Objective: To explore the characteristics of genotype and phenotype of neonatal onset inflammatory bowel disease with combined immunodeficiency caused by a novel TTC7A mutant.
Methods: We summarized the clinical manifestations, imagings, endoscopic and histological findings, biochemical analyses,whole exon sequencing(WES), in silico and intervention of the patient.

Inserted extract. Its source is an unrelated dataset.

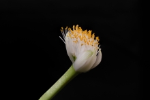 ▶꽃은 6-7월에 피며 황갈색이고 자방과 꽃받침 뒷면에 갈색 털이 있으며 꽃받침잎은 길이 15-20mm 나비 4-6mm로서 긴 타원형이고 꽃잎은 꽃받침잎과 비슷하며 다소 짧고 털이 없다. 순판은 황색이며 육질이고 넓은 난형으로서 끝이 둥글거나 둔하며 안쪽에 돌기가 있는 줄이 있고 가장자리가 잘게 갈라진다. 암술대는 약간 길게 굽는다.

Results: The boy showed severe diarrhea, malnutrition, electrolyte disturbance, dehydration and recurrent infections after birth. X-ray and ultrasonic images displayed no specific changes. Endoscopic and histological findings showed chronic inflammation. Immune functions indicated combined immunodeficiency. WES identified compound heterozygote TTC7A mutations c.2355+4A>G/c.643G>T in the infant. No abnormal splicing sequence by c.2355+4A>G mutation was found in TTC7A expression analysis, but the mRNA expression decreased. There was no improvement after treatment with methylprednisolone and leflunomide. The infant died when he was given up at 5 months 19 days old.
Conclusion: The compound heterozygote mutations (c.2355+4A>G, c.643G>T) in TTC7A gene were firstly described and confirmed. Our report expands the phenotypic spectrum of TTC7A mutaions and genotypic spectrum of very early onset inflammatory bowel disease with combined immunodeficiency.